Song by Stevie Wonder

from the album Fulfillingness' First Finale
- Released: July 22, 1974
- Recorded: 1974
- Genre: Soul
- Length: 5:59
- Label: Motown
- Songwriters: Stevie Wonder; Yvonne Wright;

= They Won't Go When I Go =

1974 song performed by Stevie Wonder

"They Won't Go When I Go" is a song co-written and performed by Stevie Wonder from his 1974 album Fulfillingness' First Finale.

This song is the only one on the album that Wonder did not write by himself.

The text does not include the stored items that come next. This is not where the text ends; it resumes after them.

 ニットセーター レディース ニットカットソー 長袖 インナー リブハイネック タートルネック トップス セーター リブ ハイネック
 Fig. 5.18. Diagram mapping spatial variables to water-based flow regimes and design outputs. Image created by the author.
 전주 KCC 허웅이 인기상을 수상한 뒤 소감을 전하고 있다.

His co-writer was Yvonne Wright, who co-wrote songs with Wonder for other albums.

Wonder performed this song, along with "Never Dreamed You'd Leave in Summer", at Michael Jackson's memorial service on July 7, 2009.

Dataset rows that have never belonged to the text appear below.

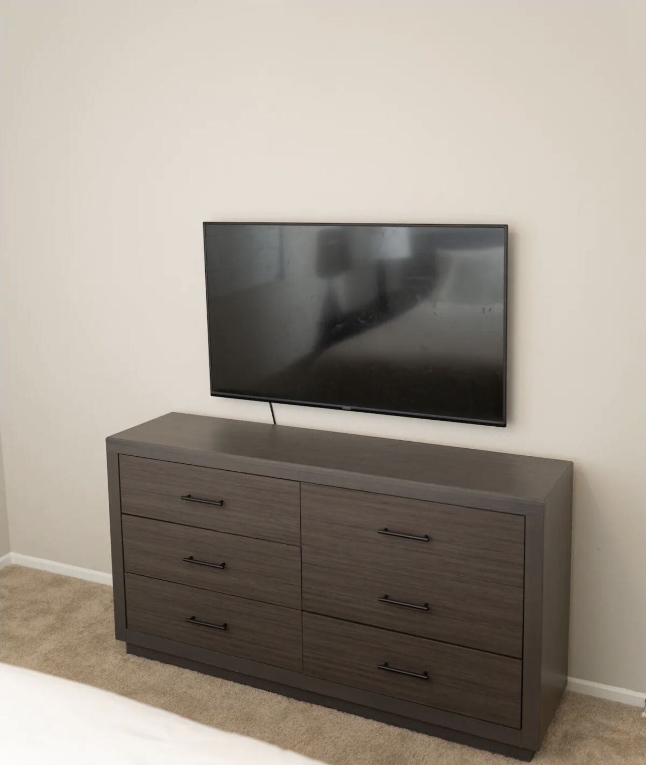 Queen bed | Wall mounted smart TV | Closet | Iron and ironing board | Split AC
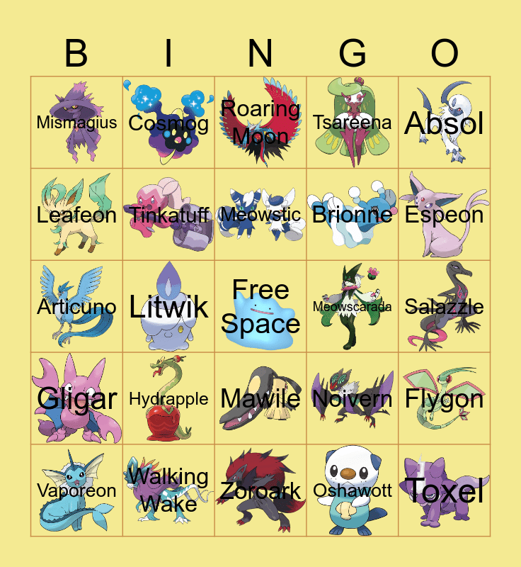 This bingo card has 24 images, a free space and 24 words: Hydrapple, Walking Wake, Meowstic, Vaporeon, Absol, Mismagius, Leafeon, Cosmog, Meowscarada, Mawile, Brionne, Articuno, Noivern, Flygon, Tinkatuff, Oshawott, Salazzle, Roaring Moon, Espeon, Litwik, Toxel, Gligar, Tsareena and Zoroark.
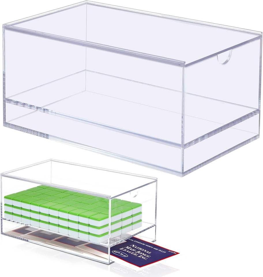 Caja de Mahjong de Acrílico Personalizada, Organizador de Almacenamiento Apilable Transparente con Tapa para Fichas de Juego, Organización del Hogar

In June 2026, CBS News included the song in its list of the 250 essential American songs of the past 250 years.

==Composition==
The song has been considered a "retro composition", where comparisons of the piano part to the style of Chopin and the Baroque passacaglia or chaconne technique—a repeating bassline in a minor key and in triple metre—can be drawn. The song is also noted to have a "funeral march" like tone. There is clear allusion to the 1850 German chorale tune "O mein Jesu," the setting of Thomas Kelly's 1805 Protestant hymn "Stricken, smitten, and afflicted." Critics noted that the song takes a more dramatic tone than most of Wonder's other compositions. The fact that the song specifically says "They won't go when I go" was said to imply the friends Wonder is talking about may get to heaven eventually, just not before he does. Interpreted more broadly as a hymn, the song is the cry not just of Wonder, but the faithful in general, awaiting a second coming where they are taken and others are not. Many consider this song to be a dark consequence of Wonder's 1973 car accident.

==Cover versions==
- George Michael covered the song for his second solo album, Listen Without Prejudice Vol. 1, in 1990.
- Josh Groban covered the song on the Japanese bonus track edition of his fifth studio album, Illuminations, in 2010.
- Kanye West opened his set at the Museum of Modern Art's "Party in the Garden" event with a cover of the song on May 10, 2011.
- Camille recorded the song for her second studio album, I Sing Stevie: The Stevie Wonder Songbook, which received an Independent Music Award nomination for Best Tribute Album, in 2014.
- Chance the Rapper did a cover of the song as part of a surprise NPR Tiny Desk Concert in early June 2017.